Stored data entries:
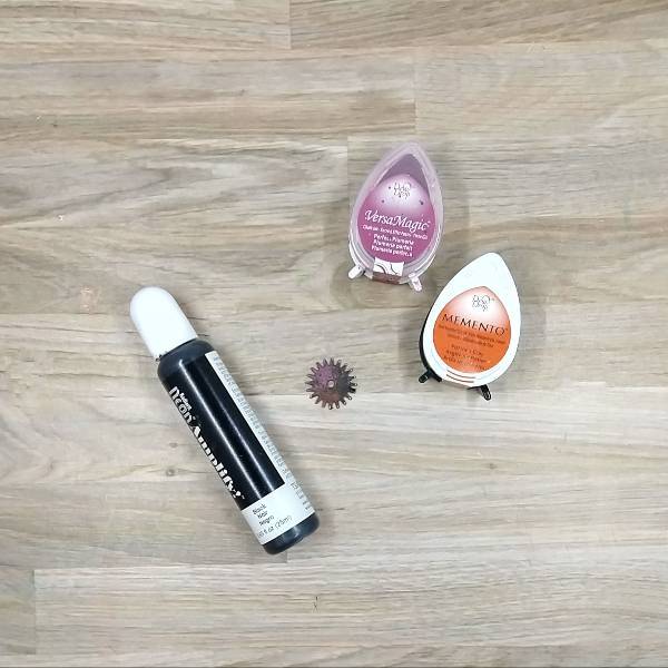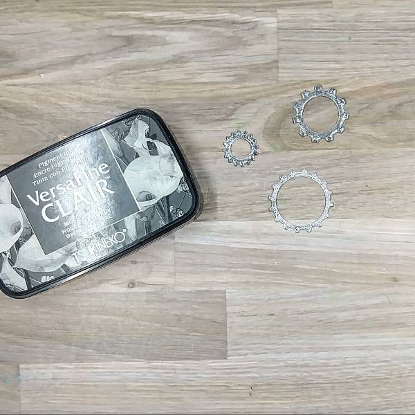 Repeat step one with a second gear. Then press another gear into both a Potter’s Clay Memento ink pad as well as Perfect Plumeria VersaMagic ink pad to make the gear look like it had rusted over.
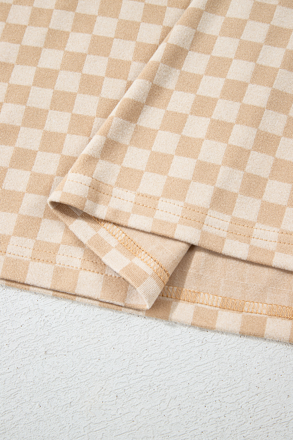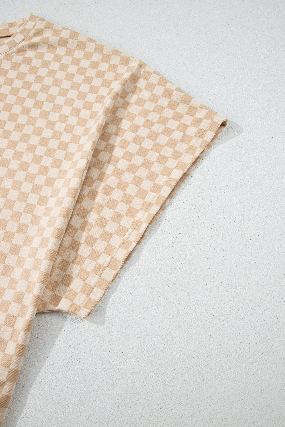 Upgrade your wardrobe with our Khaki Checkerboard Short Batwing Sleeve Round Neck Plus Size T Shirt. Made with high-quality fabric, this shirt offers ultimate comfort and style. The trendy checkerboard design and batwing sleeves add a touch of uniqueness to your outfit. Perfect for any occasion, elevate your fashion game with this stylish t-shirt.
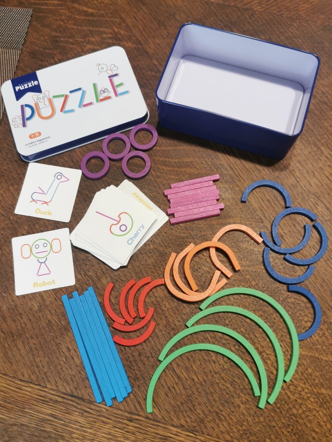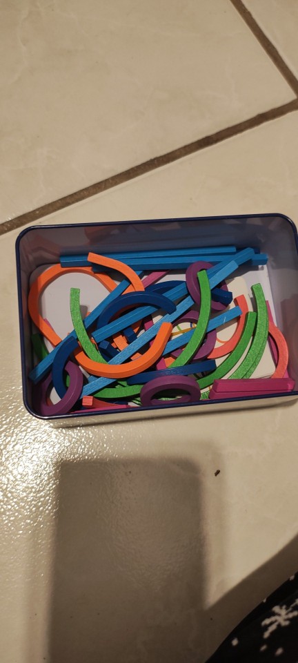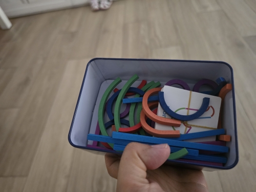 The can arrived well protected and packaged. The pieces are made of wood and match the description. It's quite entertaining. It can be taken on a hike as it takes up little space.
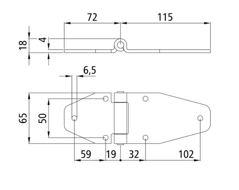 Seitentürscharnier, mit langem Anschraublappen Nirosta
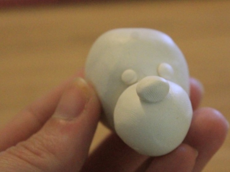 Next, let’s start with marzipan. To begin with, we will cover our biscuit with most of it, and leave to cool. But from the remnants, let’s start creating. We sculpt one ball, one oval and three small beads – we begin to sculpt the dog’s face.
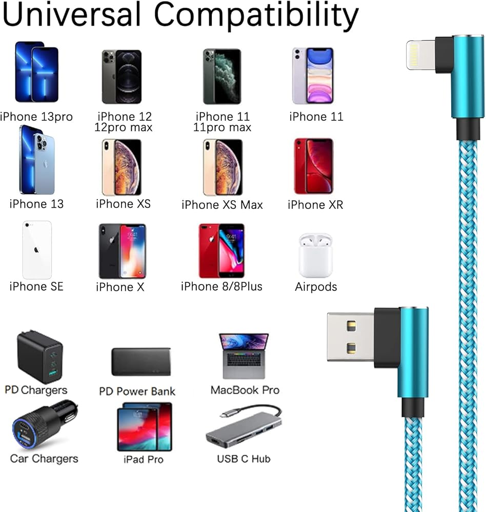 [توافق واسع]: سلك شحن مثالي لهاتف iPhone 12 Pro / 12 mini / SE (الجيل الثاني) / 11 Pro Max / XS / XS Max / XR / X / 8 Plus / 8 / 7 Plus / 7 / 6s Plus / 6s / 6 بلس / 6 / 5s / 5c / 5 / آيباد برو / آيباد إير / إير 2 / آيباد ميني / ميني 2 / ميني 4 / آيباد الجيل الرابع، آيباد (الجيل الرابع)، نانو (الجيل السابع) وتتش (الجيل الخامس) . متوافق مع جميع الأجهزة التي تعمل بنظام iOS11،12
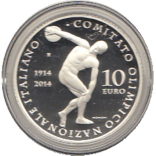 Moneta in Argento fondo specchio da 10 Euro emessa dalla zecca poligrafico dello stato nel 2014, nel dritto della moneta è raffigurata la Vittoria Olimpica scultura di Emilio Greco, nel rovescio della moneta il Discobolo di Mirone. Moneta venduta nel suo atuccio Argento .925 proof. 34 mm
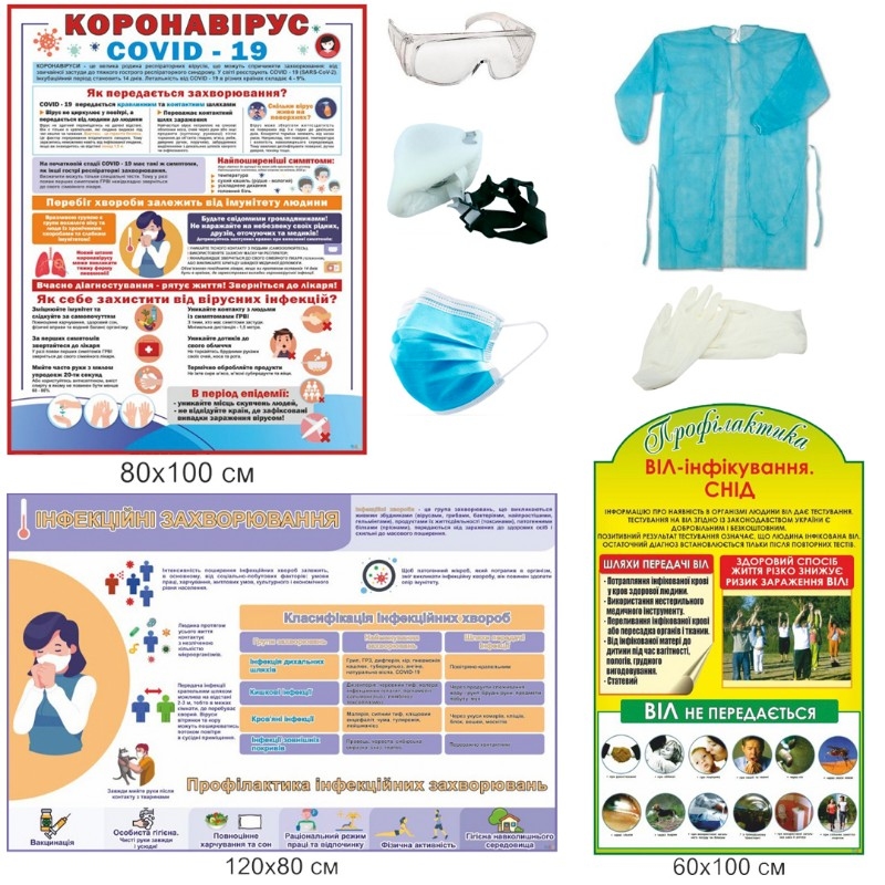 Стенды помогут доступно объяснить учащимся важную информацию, акцентируя внимание на самых важных моментах. А защитная форма медика, антисептик, медицинская маска и респиратор ознакомят детей с особенностями работы врачей и помогут лучше понять правила безопасного поведения и заботы об инфекционных больных.
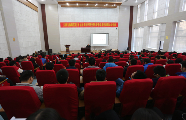 安徽省胸科医院、省结核病防治研究所党委委员、副所长邹铮,安徽省胸科医院、省结核病防治研究所结核主任医师李东方,省结核病防治研究所急诊医学科副主任医师王卫阳分别从艾滋病、结核病和雾霾三个方面简要介绍了其起因、发展及预防措施。讲师生动认真讲解,场下座无虚席,各系学生认真聆听记录。随后,周富如提出“体力是基础,智力是关键,毅力是保证,能力是体现”的20字箴言,告诫同学们身体才是革命的本钱。王卫阳向在场同学展示了生活急救示范,并鼓励同学们积极上台参与示范,同学们个个跃跃欲试,现场气氛热烈。
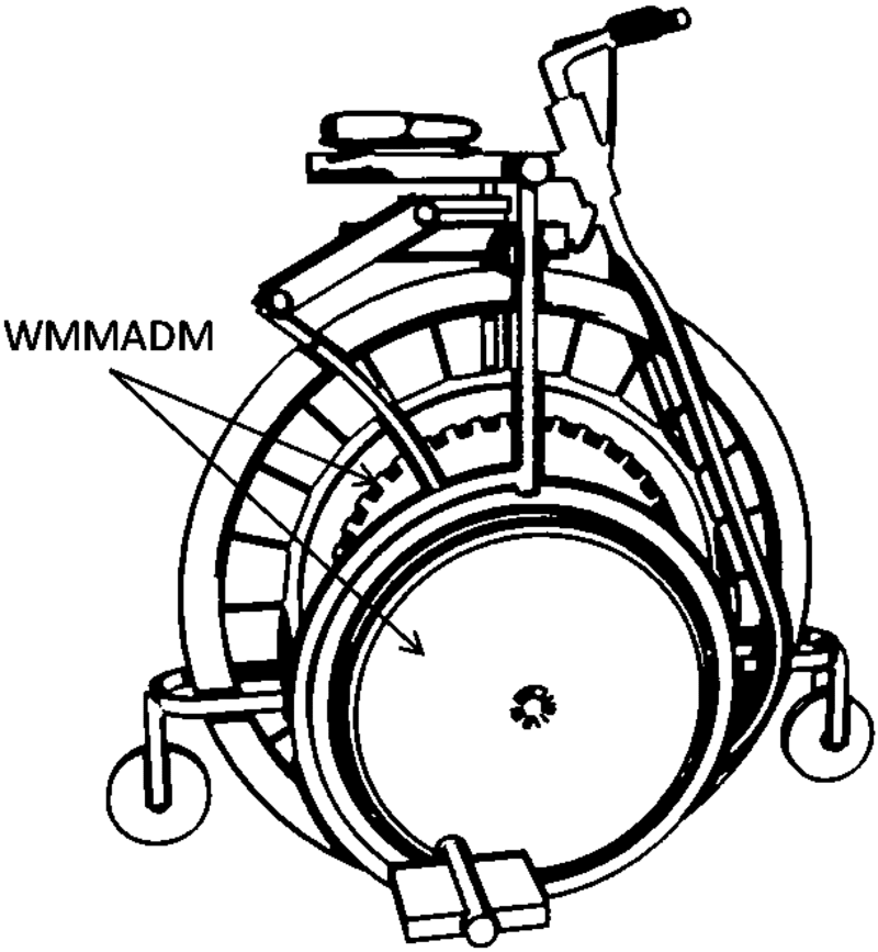 Basic idea: Use internally toothed gear to rotate the hub of the wheel. It also uses part of rotation energy of the wheel for anti-tipping mechanism.
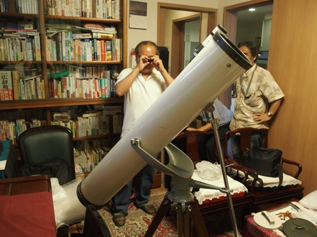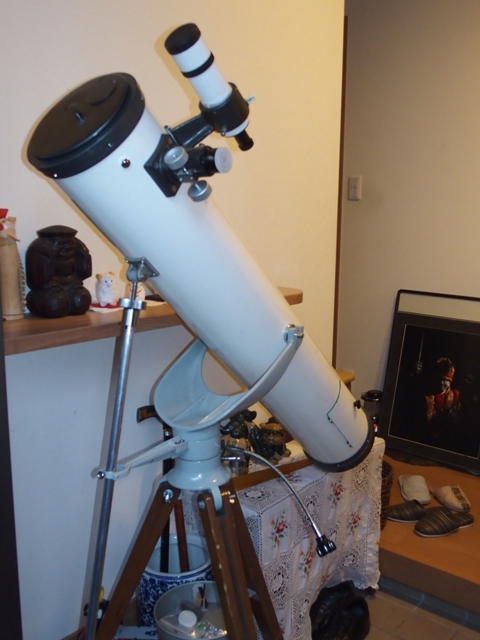 架台、鏡筒、ファインダーと3名の後輩が手持ちパーツを持ち寄り、また加工にはご存じI部長が男気を見せてくれて、こうして1台の望遠鏡ができあがりました。

→ Aim of the exercise:
Although pictures appear among the records above, none are to be output; print exactly the lines from the line containing "Moneta in Argento" through the line containing "安徽省胸科医院、省结核病防治研究所党委委".

→ Answer section:
 Moneta in Argento fondo specchio da 10 Euro emessa dalla zecca poligrafico dello stato nel 2014, nel dritto della moneta è raffigurata la Vittoria Olimpica scultura di Emilio Greco, nel rovescio della moneta il Discobolo di Mirone. Moneta venduta nel suo atuccio Argento .925 proof. 34 mm
 Стенды помогут доступно объяснить учащимся важную информацию, акцентируя внимание на самых важных моментах. А защитная форма медика, антисептик, медицинская маска и респиратор ознакомят детей с особенностями работы врачей и помогут лучше понять правила безопасного поведения и заботы об инфекционных больных.
 安徽省胸科医院、省结核病防治研究所党委委员、副所长邹铮,安徽省胸科医院、省结核病防治研究所结核主任医师李东方,省结核病防治研究所急诊医学科副主任医师王卫阳分别从艾滋病、结核病和雾霾三个方面简要介绍了其起因、发展及预防措施。讲师生动认真讲解,场下座无虚席,各系学生认真聆听记录。随后,周富如提出“体力是基础,智力是关键,毅力是保证,能力是体现”的20字箴言,告诫同学们身体才是革命的本钱。王卫阳向在场同学展示了生活急救示范,并鼓励同学们积极上台参与示范,同学们个个跃跃欲试,现场气氛热烈。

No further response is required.